_Work to be completed_
Would you repeat the listing exactly, without any of its images?

_Supplied data_
..............................
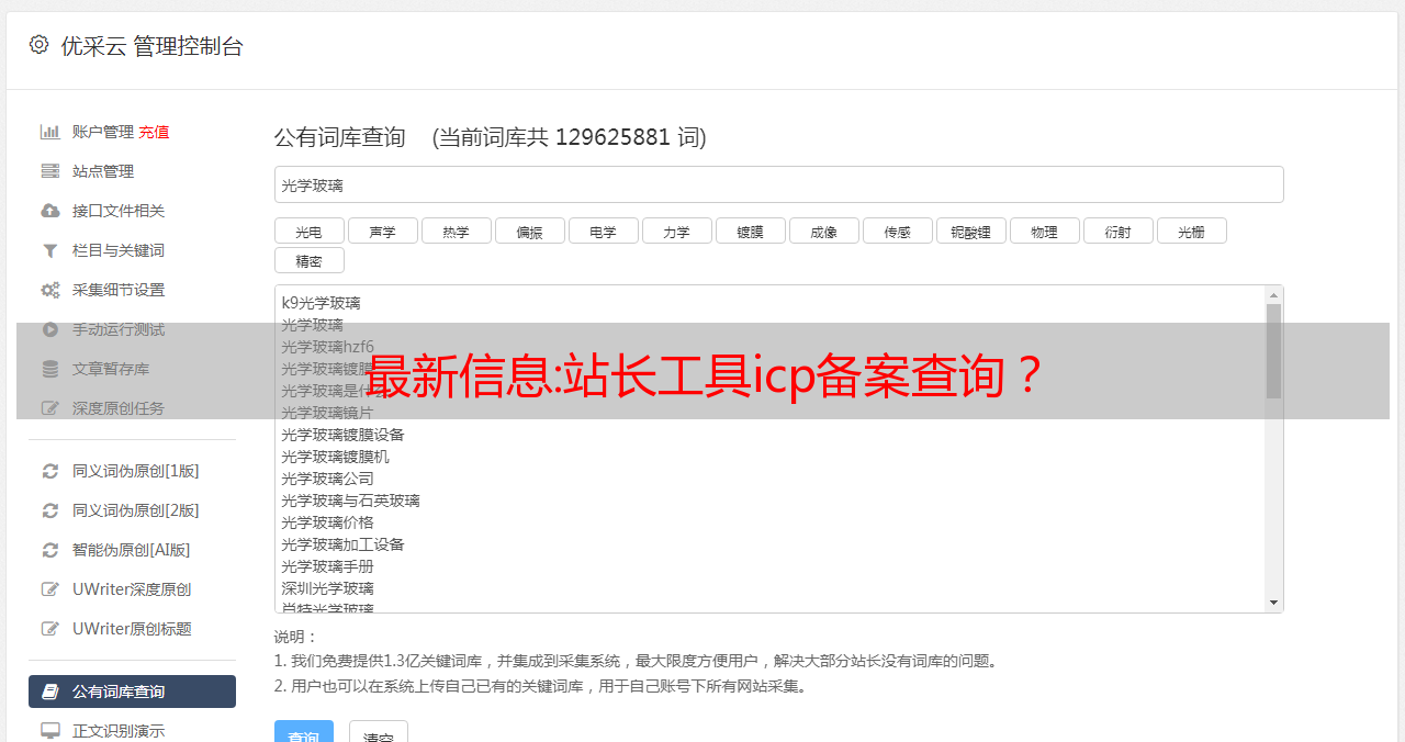 优采云 发布时间: 2022-12-13 14:32最新信息:站长工具icp备案查询?
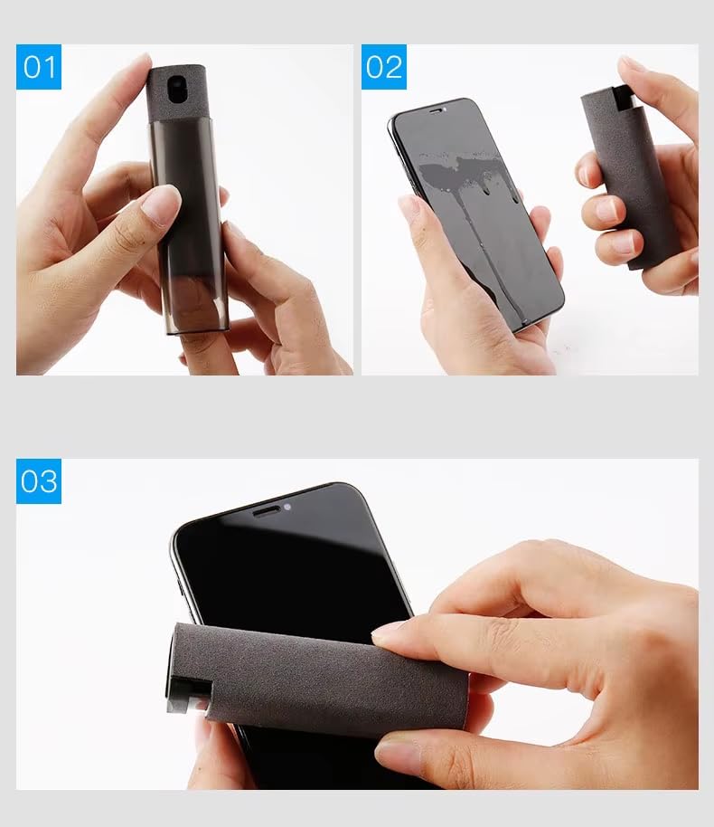 2-in-1 Cleaning Spray + Microfiber Wipe: Compact spray bottle with a soft microfiber wiping surface built into the shell—perfect for quick and streak-free cleaning of screens.
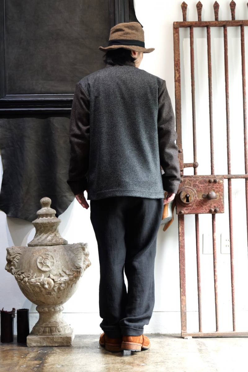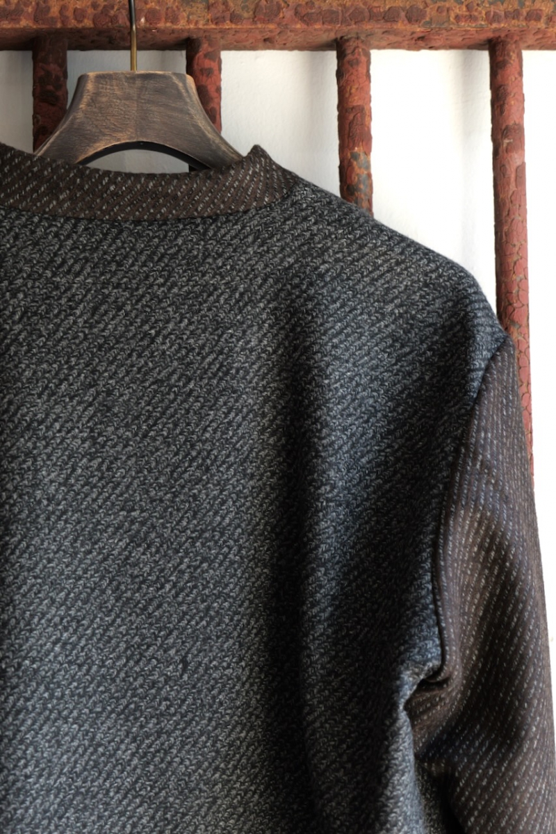 このブランドの生地は引きでの見た目、よってじっくり見た時の生地の織りの面白さは秀逸です。
..............................
_Answer to the problem_
 优采云 发布时间: 2022-12-13 14:32最新信息:站长工具icp备案查询?
 2-in-1 Cleaning Spray + Microfiber Wipe: Compact spray bottle with a soft microfiber wiping surface built into the shell—perfect for quick and streak-free cleaning of screens.
 このブランドの生地は引きでの見た目、よってじっくり見た時の生地の織りの面白さは秀逸です。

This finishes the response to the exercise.